> _INFORMATION SUPPLIED_:
--
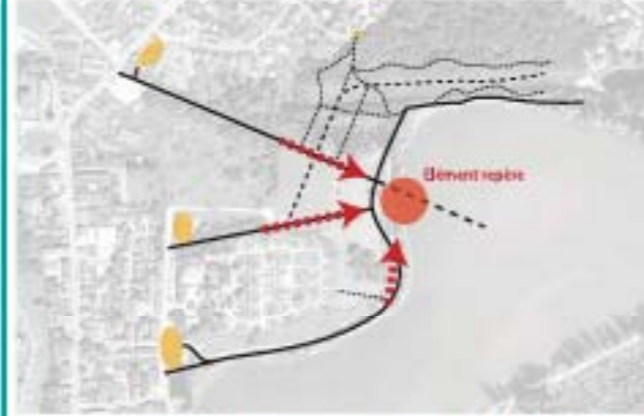
Diversifier les parcours pour une perception dynamique du site
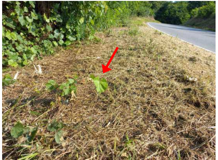
RICACCI DI VITE INSELVATICHITA

Partenza: AOO A1700A, N. Prot. 00008135 del 16/04/2026
--
> _WORK REQUEST_: Exactly as written, return each line above and leave the pictures behind.

> _WRITTEN ANSWER_:
Diversifier les parcours pour une perception dynamique du site
RICACCI DI VITE INSELVATICHITA

Partenza: AOO A1700A, N. Prot. 00008135 del 16/04/2026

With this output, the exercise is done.